Hereby F.total is a directly measured noise quantity and all other components in equation 8 depend on both Γ.s and the DUT s-parameters Sij, with {i,j}={1,2}. Therefore any changing component when switching between the signal measurement path (s-parameters) and the noise measurement path (by changing Γ.s) will affect the measurement accuracy (see  FIGS. 14 and 15 ).
 
     As can be seen in  FIG. 15 , there are two changing components, both in the signal path and the noise path when toggling between noise and s-parameter measurement: the two RF switches. When measuring s-parameters (signal path) the switches are in position 1-2 ( FIG. 4 ) and when measuring noise (noise path) the switches are in position 1-3. The source of measurement error is in the repeatability of the switches in going from position 1-2 to position 1-3; measured data are shown in  FIG. 14  for a good (a) and a bad (b) switch.
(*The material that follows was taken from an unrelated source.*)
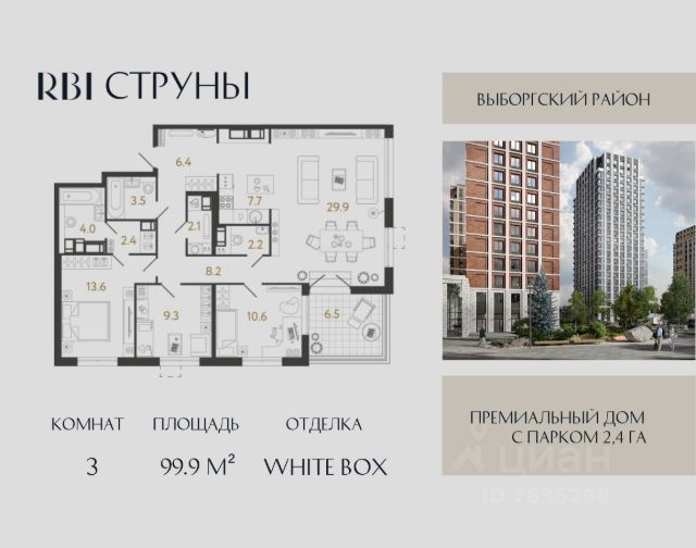 Дом, который изменит Выборгский район. "Струны" — музыка, застывшая в архитектуре. Новый проект высокого класса строится у метро "Проспект Просвещения" в Выборгском районе. Рядом Суздальские озёра, Шуваловский парк и парк Сосновка. Близость к хвойным лесам на севере города и расположение на улице Шостаковича определили лейтмотив проекта — симфония карельской природы. На территории дома появятся сразу два живописных парка с карельской природой, один из которых будет доступен только для резидентов. Приватные пространства двух очередей соединит пешеходный мост, а вдоль дома к общественному парку, который строится для города в рамках проекта, будет проложен пешеходный бульвар с кафе и магазинами. На прилегающей территории будет построен муниципальный детский сад и врачебные кабинеты. Проект воплощает лучшие тенденции премиальной недвижимости: планировки с мастер-спальнями, просторными гостиными, выделенными гардеробными и видовыми террасами. Прямо из паркинга можно подняться в квартиру на лифте, а дети могут выбрать для игры во дворе любую из четырёх тематических площадок — по мотивам произведений Шостаковича. Также на приватную территорию дома можно попасть через парадные входные группы с панорамными окнами на лифте. Фишка проекта — музыкальная студия, где можно помузицировать на рояле, организовать вечеринку с караоке или поработать в оборудованной зоне коворкинга. "Струны" — симфония жизни на улице Шостаковича. Продается 3-комнатная квартира в новостройке с отделкой в районе Выборгский в Санкт-Петербурге.

The actual problem is exuberated by the fact that even good switches do deteriorate over time. 
     As can be seen in  FIGS. 5 and 6 , which illustrate the typical internal mechanism of electro-mechanical RF switches, there are a number of possible errors: either dirt particles (debris) can be introduced in the switch contact ( FIG. 6 a   ) or the jumper contact can be pushed away by the vertical pressure and create contact error ( FIG. 6 b   ). In both cases the contact is or becomes (over time) unreliable and causes measurement uncertainly.  FIG. 7  shows a schematic repeatability distribution error in transmission factor S 21  or S 31  of typical RF switches; comparing good (a) and bad (b) switches it is clear that an error will be created and will propagate through the measurement procedure as shown in equations 1 to 3 above.  FIG. 14  shows measured repeatability results for only a single switch operation (measuring S 21 , switching from 1-2 to 1-3 and back to 1-2 and re-measuring S 21 ) over a large frequency band for a good ( 140  to  141 ) and a bad ( 142  to  143 ) switch. This result represents a cause of unpredictable (random) measurement error. 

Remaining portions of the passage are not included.